Apologizing to the Gospel

Culture

Apologizing to the Gospel

Liberals require that Christians not only apologize for their individual sins but also the message of Christianity.

Pope Francis wears a traditional headdress that was gifted to him by indigenous leaders following his apology during his visit on July 25, 2022 in Maskwacis, Canada. (Cole Burston/Getty Images)

Many Canadians felt that Pope Francis’s recent apology to the Catholic Church for their treatment of certain indigenous people was inadequate. Murray Sinclair, the lawyer who chaired Canada’s Truth and Reconciliation Commission declared: “It was more than the work of a few bad actors — this was a concerted institutional effort to remove children from their families and cultures, all in the name of Christian supremacy,” reported the Washington Post.

This opinion seems to have been the default position of the whole commission. The American Conservative‘s Declan Leary observed in an article at The Lamp earlier this year that “the commission seems to oppose evangelism as a matter of principle.”

Would this view be limited to the government bureaucrats in our northern neighbour? This is an age of reviewing everything we have learned about Western civilisational heritage. The Bureau of Indian Affairs’ May 2022 “Federal Indian Boarding School Initiative Investigative Report,” which Helen Andrews cites in her recent TAC article on Indian boarding schools, speaks disparagingly of missionary activities among American Indians, including encouraging them to abandon their tribal religious beliefs in favor of Christianity. The Australian government has issued similar reports criticizing missions down under as being “designed to erase peoples’ cultural identity.”
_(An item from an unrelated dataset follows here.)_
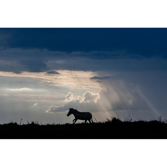 Africa-Kenya-Serengeti-Maasai Mara-Burchells zebra-Sihouette of zebra Black Modern Wood Framed Art Print with Double Matting by Hopkins, Cindy Miller

Similar charges can be levelled at Christian missionaries in all parts of the world where they have done their work. “To send missionaries to Africa and Asia to convert the native people to Christianity is religious colonialism,” say even many Christians. Academics and journalists for years have discussed the resurgence of paganism among Europeans and people of European ancestry, often framed as a repudiation of the imperialist imposition of Christianity upon pagan peoples.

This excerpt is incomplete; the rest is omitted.